# TASK TO COMPLETE
Everything from the line that contains "tiết riêng biệt." to the final line of the data, both ends included, must be set down exactly, apart from the pictures.

# SUPPLIED MATERIAL
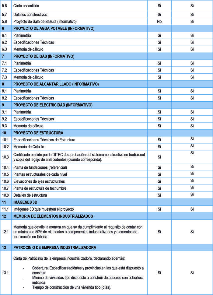 . Asimismo, las propuestas deberán incorporar como mínimo un 50% de elementos o componentes industrializados como muros y losas (o entrepisos), debiendo a la vez integrar elementos de terminación y especialidades (sanitaria y eléctrica) desarrolladas en fábrica. Para casos específicos, la DITEC podrá autorizar condiciones distintas a las anteriormente señaladas.
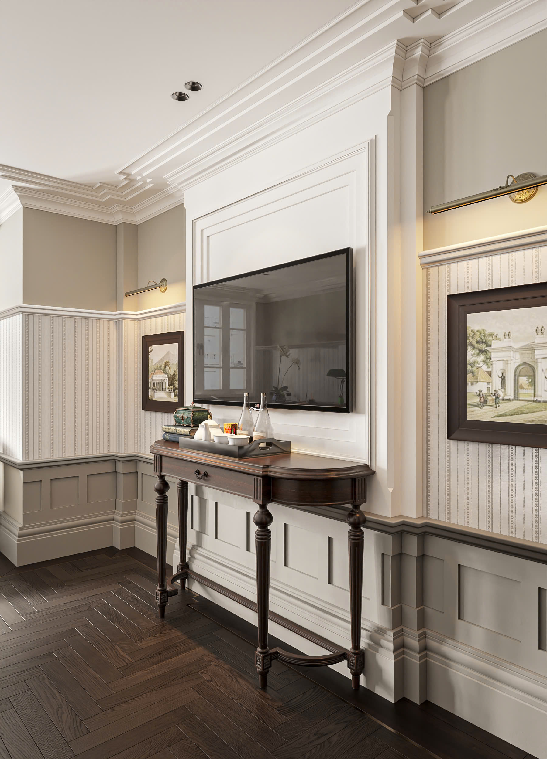 • Tường: Vượt ra ngoài sơn nước, tường có thể trở thành một tác phẩm nghệ thuật với các kỹ thuật sơn hiệu ứng, ốp gỗ, ốp đá, treo các tác phẩm nghệ thuật độc đáo hoặc sử dụng giấy dán tường cao cấp với họa tiết riêng biệt.
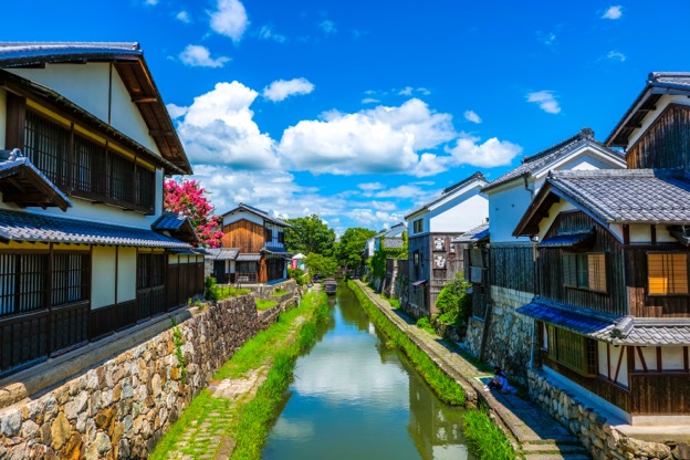 近江八幡は、歴史・商人文化・スイーツが一度に楽しめる散策に最適な街。白壁の蔵が映える八幡堀や、厳かな日牟禮八幡宮を巡り、春には花や新緑が水辺を彩る豊かな景色が広がります。

# REPLY
 • Tường: Vượt ra ngoài sơn nước, tường có thể trở thành một tác phẩm nghệ thuật với các kỹ thuật sơn hiệu ứng, ốp gỗ, ốp đá, treo các tác phẩm nghệ thuật độc đáo hoặc sử dụng giấy dán tường cao cấp với họa tiết riêng biệt.
 近江八幡は、歴史・商人文化・スイーツが一度に楽しめる散策に最適な街。白壁の蔵が映える八幡堀や、厳かな日牟禮八幡宮を巡り、春には花や新緑が水辺を彩る豊かな景色が広がります。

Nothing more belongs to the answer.